フンディング:ギュンター・グロイスベック(バス)

 

 このブログでは、昨年12月19日に、コヴェントガーデンにおけるロイヤル・オペラの『ワルキューレ』について書いている。パッパーノ指揮の今期公演だ。そちらも合わせてお読みいただくと、私の『ワルキューレ』観が、おわかりいただけると思うが、私としては、今回のメトでのジョルダンの作り上げたワーグナー・サウンドのライトな感覚がなぜか気に入ってしまった。

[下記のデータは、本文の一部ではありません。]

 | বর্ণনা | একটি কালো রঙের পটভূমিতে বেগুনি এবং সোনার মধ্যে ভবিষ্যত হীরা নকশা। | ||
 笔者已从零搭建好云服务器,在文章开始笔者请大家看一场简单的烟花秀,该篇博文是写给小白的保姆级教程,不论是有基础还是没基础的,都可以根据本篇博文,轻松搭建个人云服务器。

 それは、ロイヤル・オペラと同じくジークムントを歌ったスチュアート・スケルトンが、ロイヤルでは他の歌手と比較して少々力不足のように聞こえていたのが、メトでは水を得た魚のようにみずみずしい魅力をたたえて歌い切っていることに象徴されるように思う。ジョルダンが紡ぎ出すクリアでヌケが良く、そして暖かでもある第1幕。やわらかく揺れる音楽は、親し気な眼差しで春の暖かさを思わせ、ジークムントとジークリンデの兄妹が、まるでフンパーディンクの『ヘンゼルとグレーテル』を思い出させるように夢みる幸せな兄妹のように感じられたのだ。これは決して突飛な連想ではない。

 その音楽が、幕を追うごとに巨大化し、春の暖かさから厳冬へと推移して行くのは、正に壮観だった。ジョルダンの音楽は、底力のある音から、芽のよく摘まれたキメの細かな音色までじつに多彩であり、表現の幅が大きい。それに応え得たオーケストラの技量にも改めて感心した。

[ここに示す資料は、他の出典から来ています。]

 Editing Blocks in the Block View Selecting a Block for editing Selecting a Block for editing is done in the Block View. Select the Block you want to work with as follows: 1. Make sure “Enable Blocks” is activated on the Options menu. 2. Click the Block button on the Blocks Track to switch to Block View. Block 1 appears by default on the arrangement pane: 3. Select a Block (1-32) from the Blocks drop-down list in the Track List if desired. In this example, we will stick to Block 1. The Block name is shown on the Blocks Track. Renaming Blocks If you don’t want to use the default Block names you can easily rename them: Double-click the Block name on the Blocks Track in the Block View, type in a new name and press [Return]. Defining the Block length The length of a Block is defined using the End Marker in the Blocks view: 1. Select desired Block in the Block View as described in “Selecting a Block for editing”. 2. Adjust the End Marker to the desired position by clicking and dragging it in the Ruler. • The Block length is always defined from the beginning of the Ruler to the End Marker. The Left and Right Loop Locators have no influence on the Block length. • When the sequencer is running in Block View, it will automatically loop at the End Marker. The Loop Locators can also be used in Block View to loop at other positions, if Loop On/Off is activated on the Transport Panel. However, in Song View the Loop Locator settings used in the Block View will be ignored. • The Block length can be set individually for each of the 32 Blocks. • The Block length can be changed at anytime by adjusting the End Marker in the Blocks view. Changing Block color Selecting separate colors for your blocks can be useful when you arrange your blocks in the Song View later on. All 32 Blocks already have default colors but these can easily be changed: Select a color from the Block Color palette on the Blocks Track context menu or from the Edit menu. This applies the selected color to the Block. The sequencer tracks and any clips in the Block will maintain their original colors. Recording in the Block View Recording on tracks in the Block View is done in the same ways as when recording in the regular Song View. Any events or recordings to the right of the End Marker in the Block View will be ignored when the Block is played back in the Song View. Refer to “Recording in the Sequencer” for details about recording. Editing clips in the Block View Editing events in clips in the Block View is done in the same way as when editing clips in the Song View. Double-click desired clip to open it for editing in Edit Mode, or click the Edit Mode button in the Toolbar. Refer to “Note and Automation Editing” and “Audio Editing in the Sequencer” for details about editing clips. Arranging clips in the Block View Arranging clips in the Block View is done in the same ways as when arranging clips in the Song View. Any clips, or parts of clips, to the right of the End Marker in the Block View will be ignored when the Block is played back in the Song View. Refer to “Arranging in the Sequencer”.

 ロイヤル・オペラでのニーナ・ステンメのブリュンヒルデには圧倒されたのだが、メトのガーキーもなかなかの歌い手。フンディング役のグロイスベックも、ワーグナー歌手としての今後が、ますます期待できる。室内オペラ的な対話劇・心理劇として、ヴォータンとフリッカのやり取りでの歌唱も秀逸。

 もうひとつ、書き加えることがあるとするなら、その対話劇を理解する上で欠かせない「字幕」の翻訳のわかりやすさだ。このところ、メトでのドイツ物は岩下久美子氏の訳なのだが、その見事さには、いつも感動している。以前の字幕からではどうにも理解できなかった様々なことが、いつも、ストンと腑に落ちる。学生時代から始まり、私が務めていた出版社を退社してしばらくは、夫君の岩下眞好氏ともども、友人として長いお付き合いだった。2年ほど前だったか、岩下氏の葬儀で10数年ぶりにお会いし、それきりになったままだが、相変わらずよい仕事を続けていると思い、また、その字幕によって新たに気づかされることの多さに感謝している。

 少々プライベートな話に脱線してしまったが、今期のメトの『ワルキューレ』は、またひとつ、あたらしい世界の誕生を感じさせた。